A main concern of geometry education around the world is the continued unsatisfactory level of geometric thinking among teachers. For example, Gutierrez and Jaime (1999) found that many preservice teachers had the same poor concept images of the concept of altitude of a triangle as primary or secondary students. De Villiers (2010) states that very little progress in the quality of geometry instruction is likely to be achieved, unless teachers’ geometric thinking is improved. Teachers’ thinking and knowledge related to the mathematical definitions is another area of concern among the mathematics educators. Definitions play an important role in teaching and learning geometry. Mathematical definitions should distinguish a concept with certainty and be minimal. In other words, definitions may contain only necessary and sufficient conditions required to identify an example of the concept. Other critical attributes may be derived from the definition. Linchevsky, Vinner & Karsenty (1992) have reported that many preservice teachers do not even understand that definitions in geometry have to be economical and that they are arbitrary.

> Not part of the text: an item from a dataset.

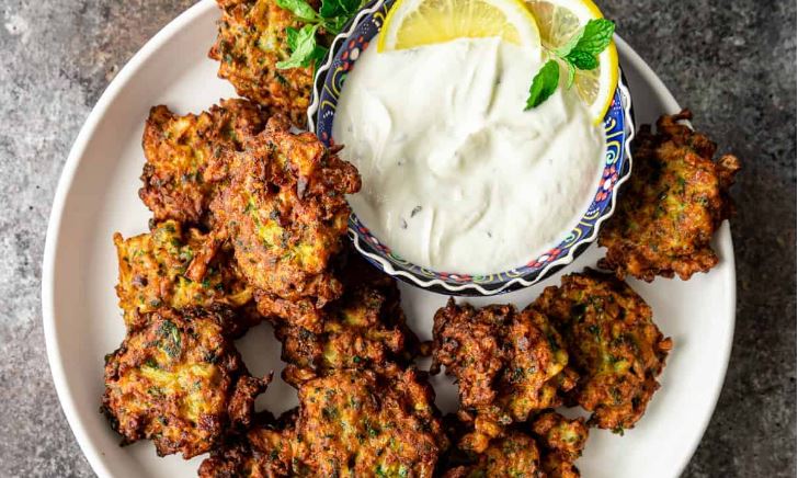 Cauliflower Fritters with Yogurt and Mint Dip

Furthermore, Aytekin and Toluk Ucar (2011) found that most inservice teachers are not able to generate correct and economical definitions for quadrilaterals.

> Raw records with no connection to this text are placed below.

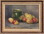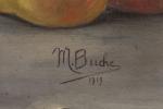 M. BUCHE (XXème siècle). Nature morte aux pommes. Huile sur carton. Signé en bas à droite. 33 x 46 cm. Accident en bas au milieu. OH
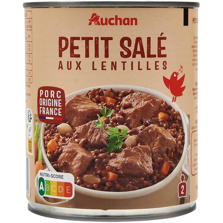 Ce Petit salé aux lentilles de la marque Auchan est très bon et pratique lorsque l'on a pas le temps de cuisiner.
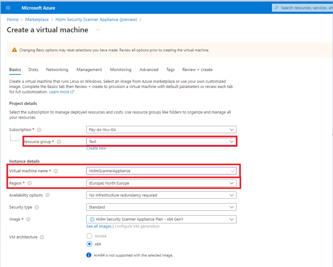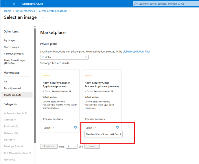 - Choose the image named Holm Security Cloud Scanner Appliance (preview) and click select.

Van Hiele theorized that students’ geometrical thinking progresses through a hierarchy of five levels. According to the van Hiele theory, formal definitions are meaningful at Level 3, since students begin noticing the interrelationships between the attributes at this level. De Villier (1998) suggests three kinds of meaningful definitions for each of the first three Van Hiele levels. Visual definitions are characteristics of the first level since at this level, students use visual reasoning. At the second level, students begin to notice that different shapes have different attributes but relationships between the attributes are not understood and the resulting definitions are uneconomical. At the third level, correct, economical definitions are used because relationships between attributes are perceived by the students. Students' definitions at Level 1 and 2 would tend to be partitional,  whereas definitions at Level 3 are hierarchical. Tsamir, Tirosh and Everson (2008) point out that “one of our major aims, as educators, is to bring our students to use only critical attributes as the deciding factor in identifying examples and forming geometrical concepts.” (p.83). Therefore, definitions of mathematical concepts and the process of defining are fundamental parts of the subject matter knowledge of mathematics teachers, because teachers’ knowledge of mathematical definitions influences their curricular and pedagogical decisions (Zazkis and Leikin, 2008). Definitions generated by inservice and preservice teachers may serve as a tool for examining their understanding and geometrical thinking of the specific concepts involved. The purpose of this study is to investigate inservice and preservice elementary teachers’ understanding of square, rectangle, trapezoid, and parallelogram as reflected by the definitions they generate.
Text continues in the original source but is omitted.